_Task requirements:_
Without including any image, repeat every record exactly.

Data Start Marker

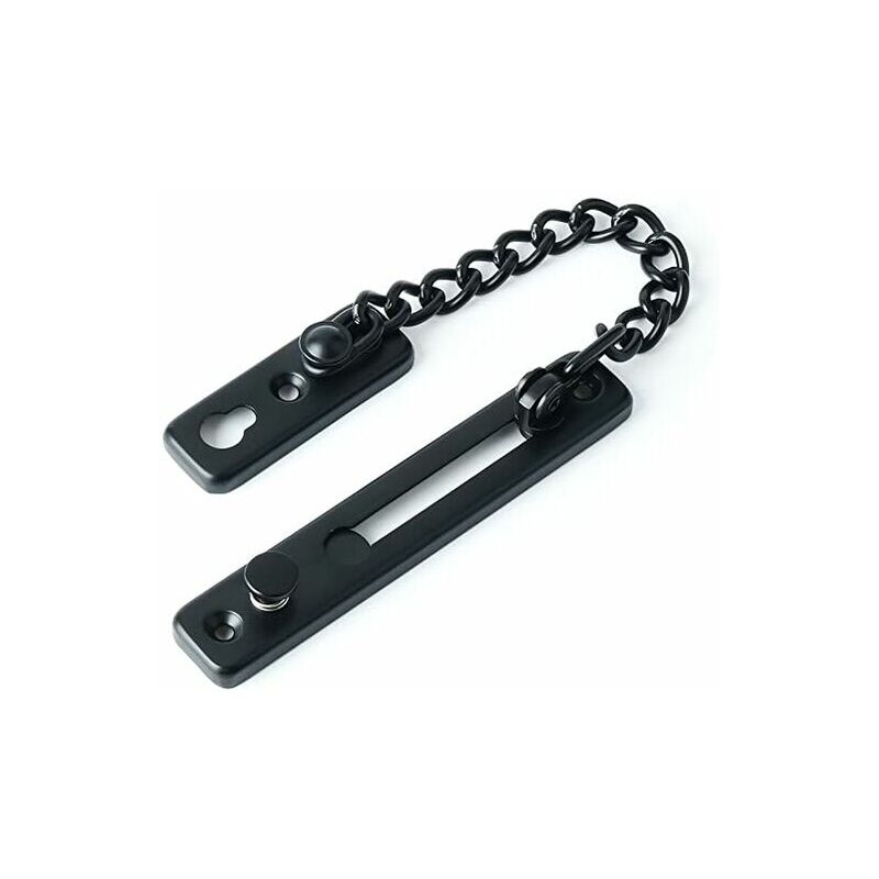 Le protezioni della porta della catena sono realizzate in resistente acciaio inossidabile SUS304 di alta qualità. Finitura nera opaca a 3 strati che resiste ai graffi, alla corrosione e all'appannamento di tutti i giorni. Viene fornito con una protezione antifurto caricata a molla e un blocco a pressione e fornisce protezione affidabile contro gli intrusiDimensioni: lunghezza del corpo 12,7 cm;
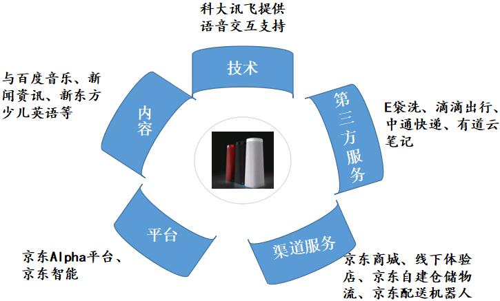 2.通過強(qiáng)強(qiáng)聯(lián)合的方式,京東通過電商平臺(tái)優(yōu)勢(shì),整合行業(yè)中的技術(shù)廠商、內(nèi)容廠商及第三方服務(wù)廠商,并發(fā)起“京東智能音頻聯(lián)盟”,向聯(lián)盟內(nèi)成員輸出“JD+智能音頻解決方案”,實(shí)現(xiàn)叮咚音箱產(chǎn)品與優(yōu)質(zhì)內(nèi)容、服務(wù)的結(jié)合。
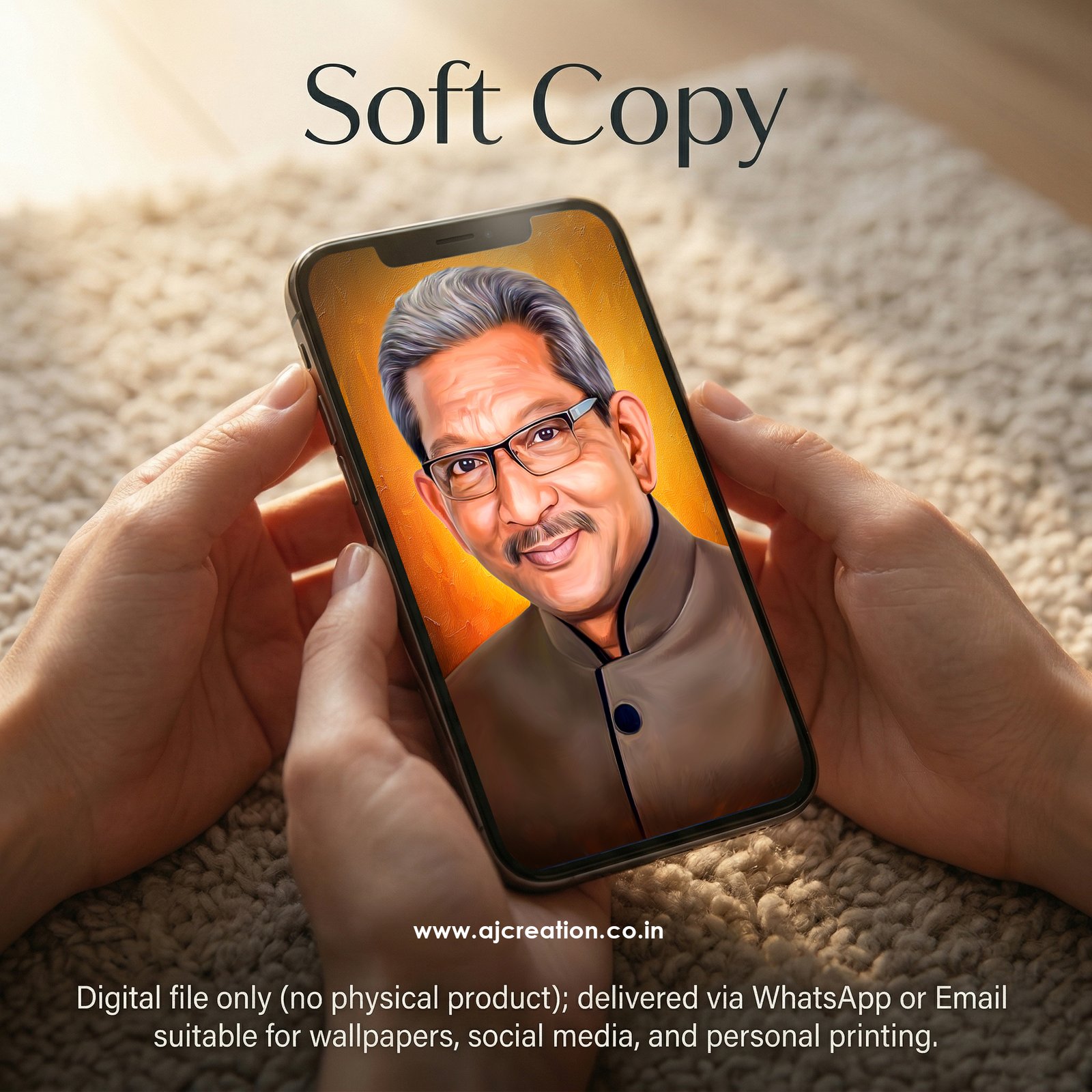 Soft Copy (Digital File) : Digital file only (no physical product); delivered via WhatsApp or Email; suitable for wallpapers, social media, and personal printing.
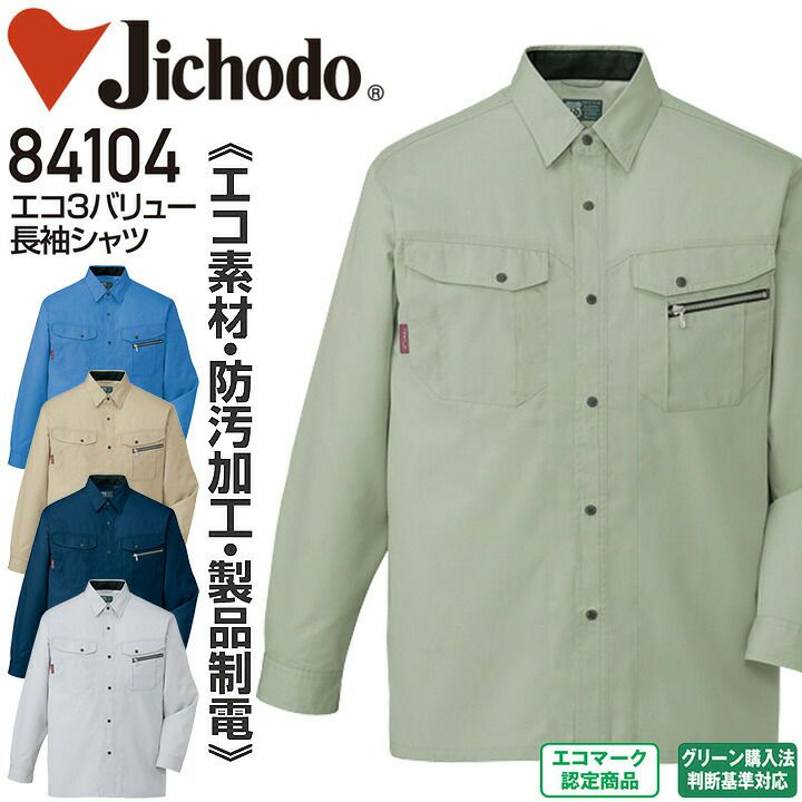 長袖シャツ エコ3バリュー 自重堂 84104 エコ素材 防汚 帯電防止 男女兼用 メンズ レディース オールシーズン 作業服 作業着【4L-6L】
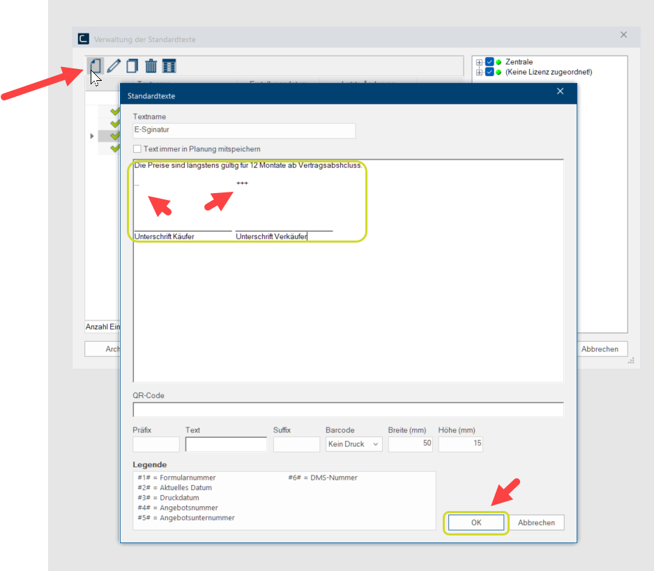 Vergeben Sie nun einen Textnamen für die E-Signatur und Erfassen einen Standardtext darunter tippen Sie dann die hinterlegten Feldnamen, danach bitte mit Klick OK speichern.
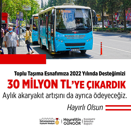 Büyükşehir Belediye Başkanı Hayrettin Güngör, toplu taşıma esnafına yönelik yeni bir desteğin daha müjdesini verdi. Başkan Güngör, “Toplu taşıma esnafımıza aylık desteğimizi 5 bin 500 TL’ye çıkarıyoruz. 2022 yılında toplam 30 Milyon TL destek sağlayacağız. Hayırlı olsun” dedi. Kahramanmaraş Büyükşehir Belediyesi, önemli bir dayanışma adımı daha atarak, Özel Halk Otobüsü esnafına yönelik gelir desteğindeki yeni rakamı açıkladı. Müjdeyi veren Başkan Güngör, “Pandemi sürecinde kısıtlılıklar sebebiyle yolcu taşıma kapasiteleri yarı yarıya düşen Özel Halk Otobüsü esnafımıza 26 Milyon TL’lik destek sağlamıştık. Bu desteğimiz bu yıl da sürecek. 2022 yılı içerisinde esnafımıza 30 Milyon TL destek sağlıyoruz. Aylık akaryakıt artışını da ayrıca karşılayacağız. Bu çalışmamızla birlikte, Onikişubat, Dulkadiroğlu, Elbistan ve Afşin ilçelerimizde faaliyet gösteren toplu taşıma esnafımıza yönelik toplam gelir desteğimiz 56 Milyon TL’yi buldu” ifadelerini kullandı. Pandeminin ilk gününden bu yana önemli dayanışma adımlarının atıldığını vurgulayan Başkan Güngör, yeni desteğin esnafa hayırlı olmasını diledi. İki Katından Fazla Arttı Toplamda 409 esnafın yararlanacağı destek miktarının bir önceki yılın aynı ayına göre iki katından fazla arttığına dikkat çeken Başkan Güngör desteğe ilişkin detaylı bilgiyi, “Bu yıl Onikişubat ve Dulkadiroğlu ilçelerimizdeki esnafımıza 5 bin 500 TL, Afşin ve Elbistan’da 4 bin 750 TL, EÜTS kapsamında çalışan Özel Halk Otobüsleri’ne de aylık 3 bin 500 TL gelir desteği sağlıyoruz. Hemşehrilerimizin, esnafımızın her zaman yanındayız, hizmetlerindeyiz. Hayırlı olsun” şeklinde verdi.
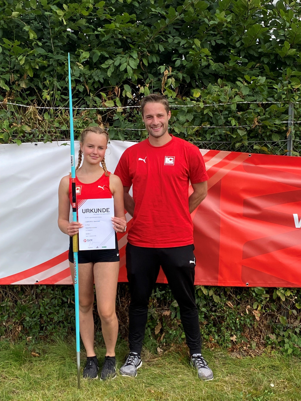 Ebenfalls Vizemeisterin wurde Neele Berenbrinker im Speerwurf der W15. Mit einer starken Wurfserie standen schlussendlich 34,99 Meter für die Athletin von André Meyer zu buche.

Data End Marker

_Answer space:_
 Le protezioni della porta della catena sono realizzate in resistente acciaio inossidabile SUS304 di alta qualità. Finitura nera opaca a 3 strati che resiste ai graffi, alla corrosione e all'appannamento di tutti i giorni. Viene fornito con una protezione antifurto caricata a molla e un blocco a pressione e fornisce protezione affidabile contro gli intrusiDimensioni: lunghezza del corpo 12,7 cm;
 2.通過強(qiáng)強(qiáng)聯(lián)合的方式,京東通過電商平臺(tái)優(yōu)勢(shì),整合行業(yè)中的技術(shù)廠商、內(nèi)容廠商及第三方服務(wù)廠商,并發(fā)起“京東智能音頻聯(lián)盟”,向聯(lián)盟內(nèi)成員輸出“JD+智能音頻解決方案”,實(shí)現(xiàn)叮咚音箱產(chǎn)品與優(yōu)質(zhì)內(nèi)容、服務(wù)的結(jié)合。
 Soft Copy (Digital File) : Digital file only (no physical product); delivered via WhatsApp or Email; suitable for wallpapers, social media, and personal printing.
 長袖シャツ エコ3バリュー 自重堂 84104 エコ素材 防汚 帯電防止 男女兼用 メンズ レディース オールシーズン 作業服 作業着【4L-6L】
 Vergeben Sie nun einen Textnamen für die E-Signatur und Erfassen einen Standardtext darunter tippen Sie dann die hinterlegten Feldnamen, danach bitte mit Klick OK speichern.
 Büyükşehir Belediye Başkanı Hayrettin Güngör, toplu taşıma esnafına yönelik yeni bir desteğin daha müjdesini verdi. Başkan Güngör, “Toplu taşıma esnafımıza aylık desteğimizi 5 bin 500 TL’ye çıkarıyoruz. 2022 yılında toplam 30 Milyon TL destek sağlayacağız. Hayırlı olsun” dedi. Kahramanmaraş Büyükşehir Belediyesi, önemli bir dayanışma adımı daha atarak, Özel Halk Otobüsü esnafına yönelik gelir desteğindeki yeni rakamı açıkladı. Müjdeyi veren Başkan Güngör, “Pandemi sürecinde kısıtlılıklar sebebiyle yolcu taşıma kapasiteleri yarı yarıya düşen Özel Halk Otobüsü esnafımıza 26 Milyon TL’lik destek sağlamıştık. Bu desteğimiz bu yıl da sürecek. 2022 yılı içerisinde esnafımıza 30 Milyon TL destek sağlıyoruz. Aylık akaryakıt artışını da ayrıca karşılayacağız. Bu çalışmamızla birlikte, Onikişubat, Dulkadiroğlu, Elbistan ve Afşin ilçelerimizde faaliyet gösteren toplu taşıma esnafımıza yönelik toplam gelir desteğimiz 56 Milyon TL’yi buldu” ifadelerini kullandı. Pandeminin ilk gününden bu yana önemli dayanışma adımlarının atıldığını vurgulayan Başkan Güngör, yeni desteğin esnafa hayırlı olmasını diledi. İki Katından Fazla Arttı Toplamda 409 esnafın yararlanacağı destek miktarının bir önceki yılın aynı ayına göre iki katından fazla arttığına dikkat çeken Başkan Güngör desteğe ilişkin detaylı bilgiyi, “Bu yıl Onikişubat ve Dulkadiroğlu ilçelerimizdeki esnafımıza 5 bin 500 TL, Afşin ve Elbistan’da 4 bin 750 TL, EÜTS kapsamında çalışan Özel Halk Otobüsleri’ne de aylık 3 bin 500 TL gelir desteği sağlıyoruz. Hemşehrilerimizin, esnafımızın her zaman yanındayız, hizmetlerindeyiz. Hayırlı olsun” şeklinde verdi.
 Ebenfalls Vizemeisterin wurde Neele Berenbrinker im Speerwurf der W15. Mit einer starken Wurfserie standen schlussendlich 34,99 Meter für die Athletin von André Meyer zu buche.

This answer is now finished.